Adopt a permanent --prefix <repo-root-relative-path> option for supported read/query subcommands and make prefix filtering schema-backed.

Supported subcommands and semantics:

symbol --prefix P NAME: restrict to symbols whose defining file is under P
embeddings --prefix P QUERY: restrict to matched symbols whose file is under P
ctx --prefix P QUERY: restrict retrieval, expansion, docstring issues, and references to files under P
calls --prefix P NAME: restrict to call edges whose caller file is under P
refs --prefix P NAME: restrict to callable-object references whose owner file is under P
audit --prefix P: restrict to issues for symbols defined under P

Implementation details:

normalize --prefix once relative to the repository root
reject user-supplied absolute prefixes at the CLI boundary
use the central files.id as the owner key across path-sensitive tables
join through files.path when evaluating prefix filters

Schema changes:

replace repeated file_path columns with file_id in:
symbol_index
call_records
callable_ref_records
add file_id to docstring_issues
add owner-side file identifiers to derived relation tables:
caller_file_id on call_edges
owner_file_id on callable_refs

Rationale¶

This design keeps the filtering rule uniform while minimizing duplicated path storage.

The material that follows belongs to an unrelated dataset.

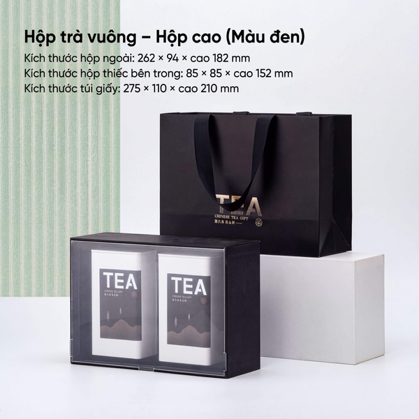 | Phân loại | Hộp ngoài (DxRxC) | Hộp thiếc trong (DxRxC) | Túi giấy (DxRxC) |

Using a centralized file table has two advantages:

smaller tables and indexes, especially for raw call/reference record tables
one consistent join path for owner-file filtering

Filtering semantics for relation queries are intentionally owner-side:

calls is about caller-owned edges
refs is about owner-owned callable references

This avoids ambiguous "either side" semantics and keeps the feature teachable.

For ctx, prefix filtering is applied throughout the pipeline rather than only at the end, which reduces noise and wasted work.

Consequences¶

Positive¶

uniform scoping model across supported query subcommands
better signal when working in one subtree or file
smaller path-sensitive tables due to file_id reuse
exact, schema-backed filtering for audit
owner-side relation filtering that is deterministic and easy to reason about

Negative¶

schema version bump and rebuild cost for existing indexes
additional joins through files in some query paths
more explicit query-surface complexity in CLI and helper signatures

Neutral / Trade-offs¶

--prefix is relative by contract, but internal helper flows may pass the normalized absolute path after validation
relation filtering is not symmetric; it is intentionally tied to owner/caller semantics

Notes¶

Existing indexes are rebuilt through the normal schema-version refresh path.
Directory and single-file prefixes are both supported.